Social Affairs Ministry Says 38% of Orphanages Were Unregistered

Heightening the risk of neglect, abuse and child trafficking, nearly 40 percent of the country’s orphanages were unregistered according to a comprehensive mapping exercise carried out last year, a report released on Thursday in Phnom Penh says.

Amid mounting pressure to reform the country’s orphanages, the Social Affairs Ministry demanded in 2015 that all orphanages register with the government and adhere to a set of standards. It shuttered 56 last year that failed to comply.

cam photo child care channa
Social Affairs Minister Vong Sauth speaks at an event in Phnom Penh on Thursday to present a report about the country’s orphanages and a plan to help return children to their families. (Siv Channa/The Cambodia Daily)

Social Affairs Minister Vong Sauth announced on Thursday that of 639 residential facilities—which include transit accommodation and pagodas—406 were permanent institutions that together house 16,579 children.

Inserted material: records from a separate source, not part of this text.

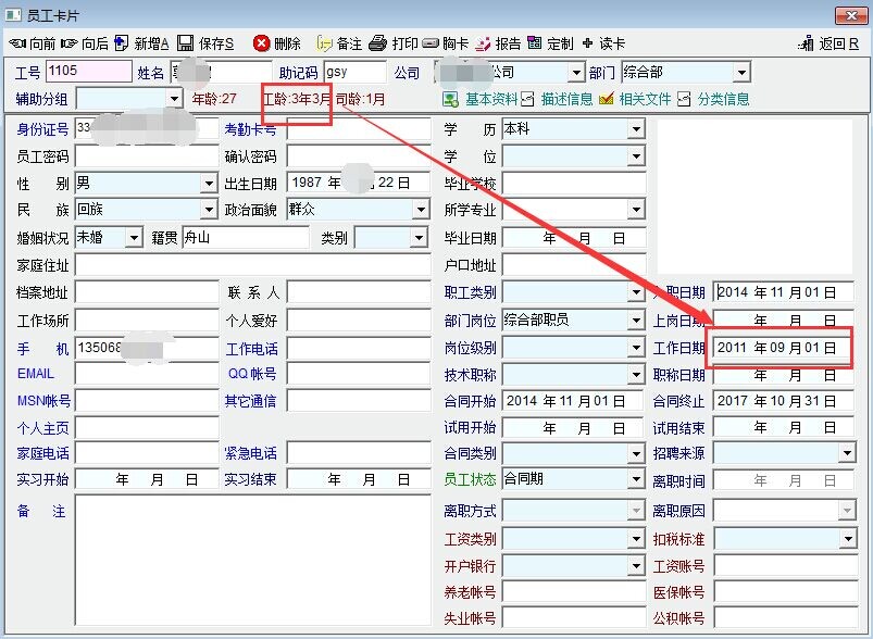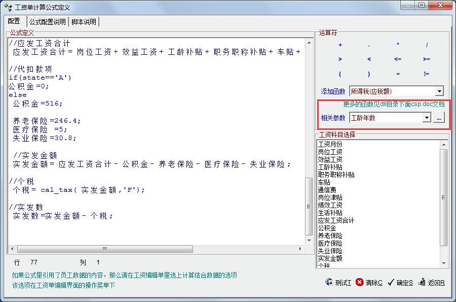 在“员工资料”中,对于工龄的定义是从“工作日期”到现在的时间长度(员工资料中也有显示),但是在“工资单定义公式”中,“相关参数”中的“工龄”年数却指的是“员工资料”中的“司龄”(经调试验证)。
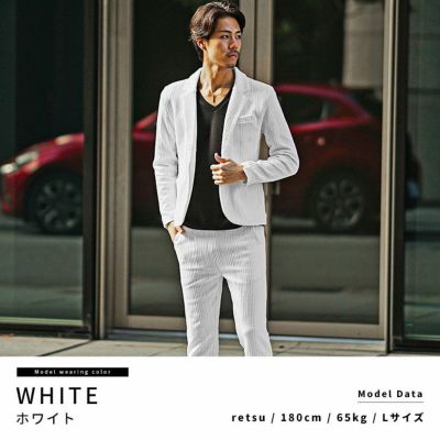 [Lサイズ]を着用しました 他コーデは【コチラ】 ちょうど良いサイズ感でした。ジャケットの着丈はお尻3分の1あたりで、袖丈は手首ジャストです。腕周りが若干のフィット感がありますが、許容範囲内です。パンツの丈はくるぶし上指3本分あたりで、ウエストは拳一つ分の余裕があります。太ももやふくらはぎ周りもジャストです。同じような体型の方はLサイズで良いと思います。
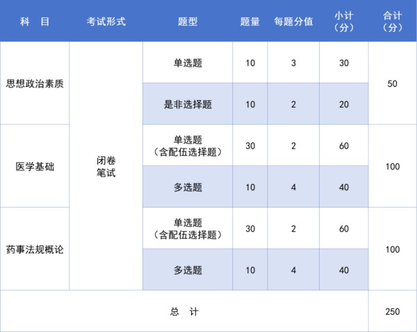 技能校考分为思想政治素养、专业理论、技术能力测试,采用一份总试卷,以闭卷、笔试形式进行,考试时长120分钟。科目为思想政治素养(50分)、医学基础(100 分)、药事法规概论(100分),共250分。
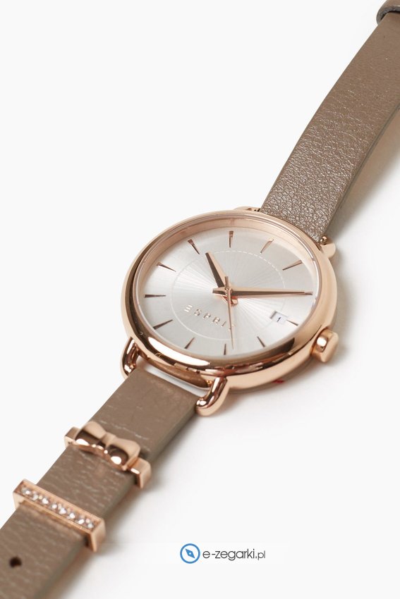 Kwarcowa bateria zamontowana w modelu ES109402003 zapewnia zasilanie jego mechanizmu. Pasek wykonany jest z wysokiej klasy skóry gwarantującej trwałość i komfort noszenia.
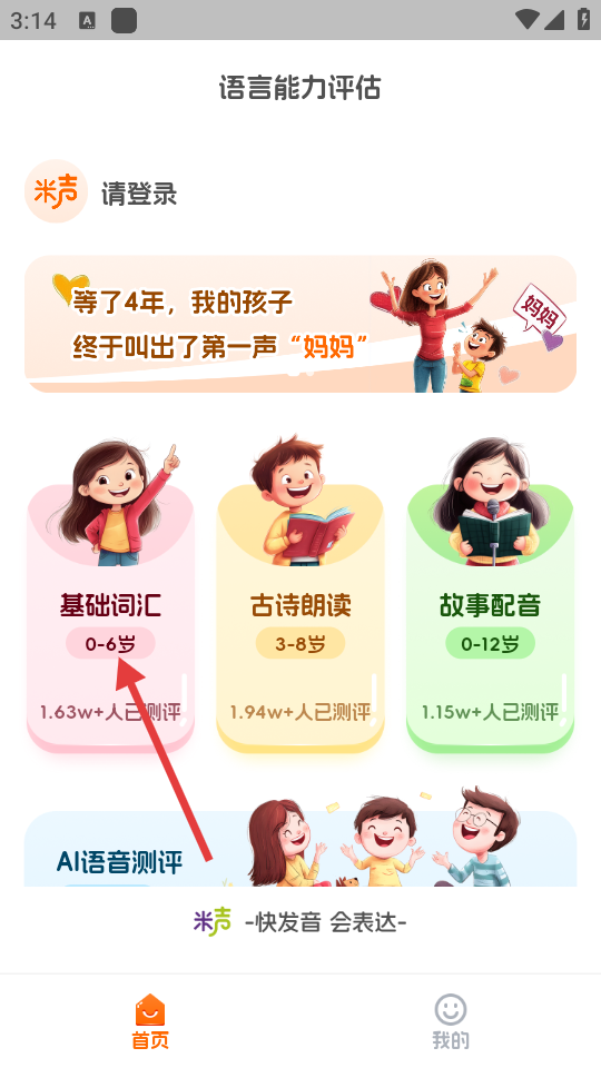 1、在语言能力评估页面,点击【基础词汇-0-6岁】选项。

Thirty-eight percent of those, or 156 facilities, had not been registered or inspected, he said.

Speaking at the report’s release, Unicef’s country representative Debora Comini said the high percentage of unregistered institutions was concerning.

“Children living in unregulated and uninspected institutions are more at risk of neglect, as well as physical and sexual abuse, and even trafficking,” she said.

Under a Unicef-supported action plan, Cambodia aims to return 30 percent of children in residential care—about 3,500—to their families by next year.

The plan’s success would depend on social workers, Ms. Comini said after the presentation, but currently they are all provided or sponsored by NGOs rather than the state.

“In the long term, Cambodia should have sufficient public servants that work as social workers,” she said.

Unicef spokeswoman Iman Morooka said NGOs had allocated 34 social workers for reintegration, but that the government should help increase that number.

“The case of each child will vary, and that is why it is critical to have sufficient trained social workers who are able to…follow up on each case effectively,” she said in an email.

Since the beginning of last year, 250 children and 80 youths have been reintegrated, she said.

Sebastien Marot, executive director of the NGO Friends International, said the program would “fall flat” if the government did not begin to take the reins.